====== Records supplied ======

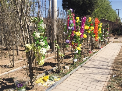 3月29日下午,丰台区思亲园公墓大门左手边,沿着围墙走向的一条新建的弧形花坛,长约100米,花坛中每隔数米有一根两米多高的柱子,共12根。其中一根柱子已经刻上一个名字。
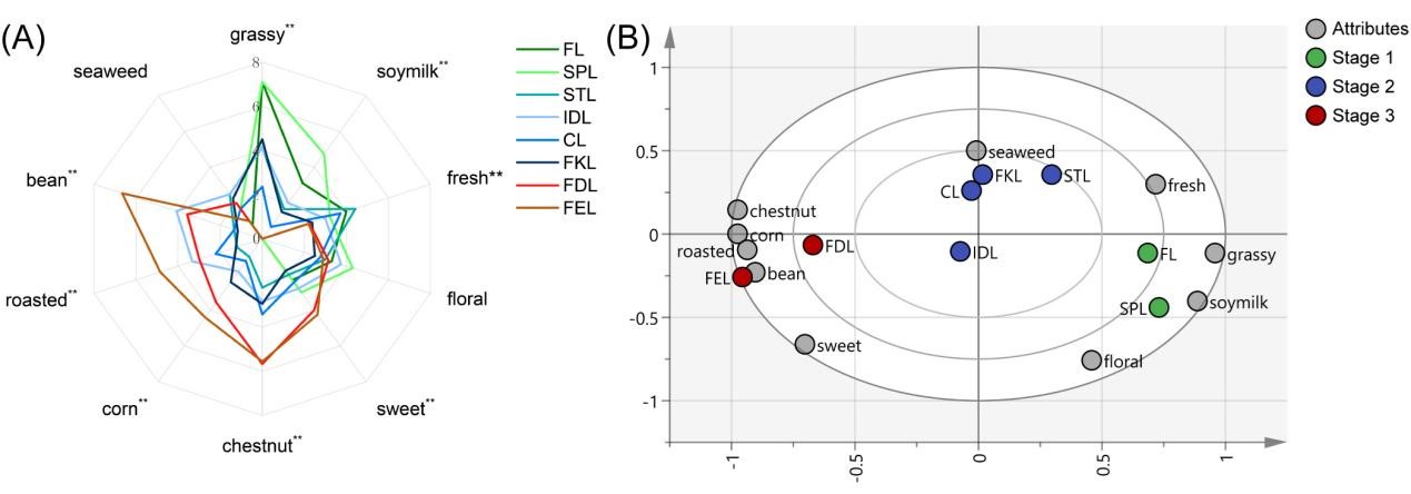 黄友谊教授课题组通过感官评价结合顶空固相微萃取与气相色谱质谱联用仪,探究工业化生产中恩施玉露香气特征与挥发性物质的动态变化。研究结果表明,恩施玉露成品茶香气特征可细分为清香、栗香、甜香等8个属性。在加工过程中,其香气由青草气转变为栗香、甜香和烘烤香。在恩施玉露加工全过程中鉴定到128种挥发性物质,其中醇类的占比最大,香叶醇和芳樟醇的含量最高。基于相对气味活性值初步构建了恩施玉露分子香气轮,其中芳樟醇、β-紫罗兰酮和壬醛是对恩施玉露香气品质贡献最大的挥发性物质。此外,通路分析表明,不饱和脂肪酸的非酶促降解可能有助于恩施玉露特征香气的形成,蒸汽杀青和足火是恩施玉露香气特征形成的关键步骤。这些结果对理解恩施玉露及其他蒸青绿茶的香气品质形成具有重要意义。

======
====== Records supplied ======

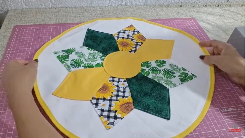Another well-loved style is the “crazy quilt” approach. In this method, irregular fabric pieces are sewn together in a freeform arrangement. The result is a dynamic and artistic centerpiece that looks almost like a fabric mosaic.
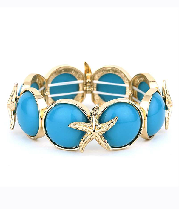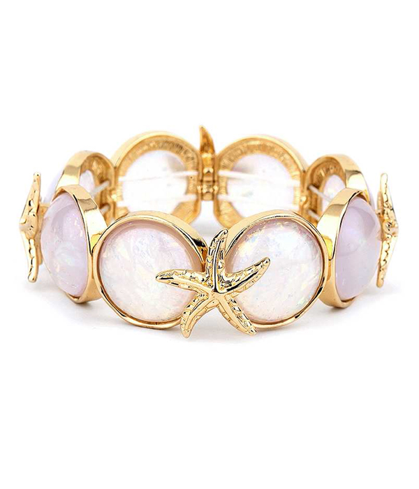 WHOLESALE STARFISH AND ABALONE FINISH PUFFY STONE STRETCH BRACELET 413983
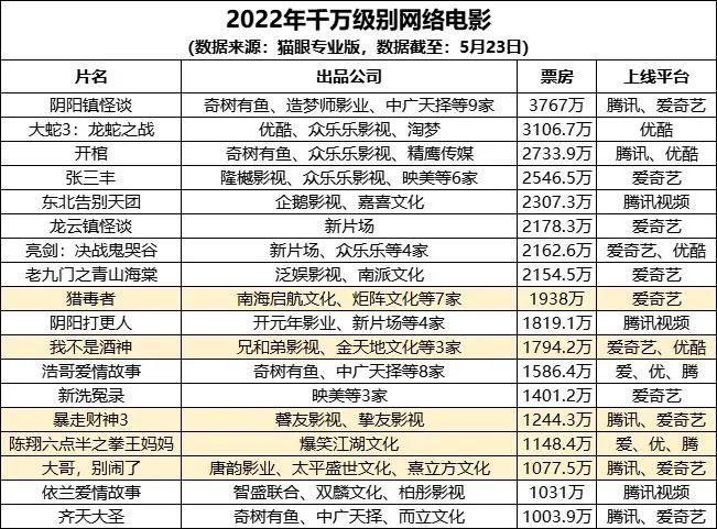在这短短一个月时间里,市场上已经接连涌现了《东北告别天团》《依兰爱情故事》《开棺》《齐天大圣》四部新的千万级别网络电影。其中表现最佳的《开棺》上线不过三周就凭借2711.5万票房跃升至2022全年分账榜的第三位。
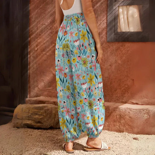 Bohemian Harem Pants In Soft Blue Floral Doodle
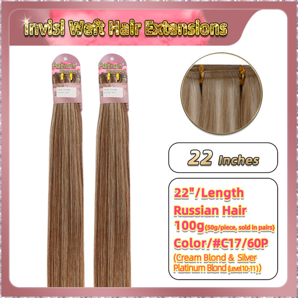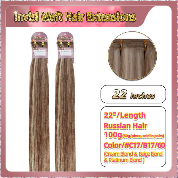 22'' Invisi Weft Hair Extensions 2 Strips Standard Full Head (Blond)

======

### What to work on
Copy exactly the part of the material above that opens with the line containing "3月29日下午,丰台区思亲园" and closes with the line containing "黄友谊教授课题组通过感官评价", ends included. Drop the images.

### Response to the task
 3月29日下午,丰台区思亲园公墓大门左手边,沿着围墙走向的一条新建的弧形花坛,长约100米,花坛中每隔数米有一根两米多高的柱子,共12根。其中一根柱子已经刻上一个名字。
 黄友谊教授课题组通过感官评价结合顶空固相微萃取与气相色谱质谱联用仪,探究工业化生产中恩施玉露香气特征与挥发性物质的动态变化。研究结果表明,恩施玉露成品茶香气特征可细分为清香、栗香、甜香等8个属性。在加工过程中,其香气由青草气转变为栗香、甜香和烘烤香。在恩施玉露加工全过程中鉴定到128种挥发性物质,其中醇类的占比最大,香叶醇和芳樟醇的含量最高。基于相对气味活性值初步构建了恩施玉露分子香气轮,其中芳樟醇、β-紫罗兰酮和壬醛是对恩施玉露香气品质贡献最大的挥发性物质。此外,通路分析表明,不饱和脂肪酸的非酶促降解可能有助于恩施玉露特征香气的形成,蒸汽杀青和足火是恩施玉露香气特征形成的关键步骤。这些结果对理解恩施玉露及其他蒸青绿茶的香气品质形成具有重要意义。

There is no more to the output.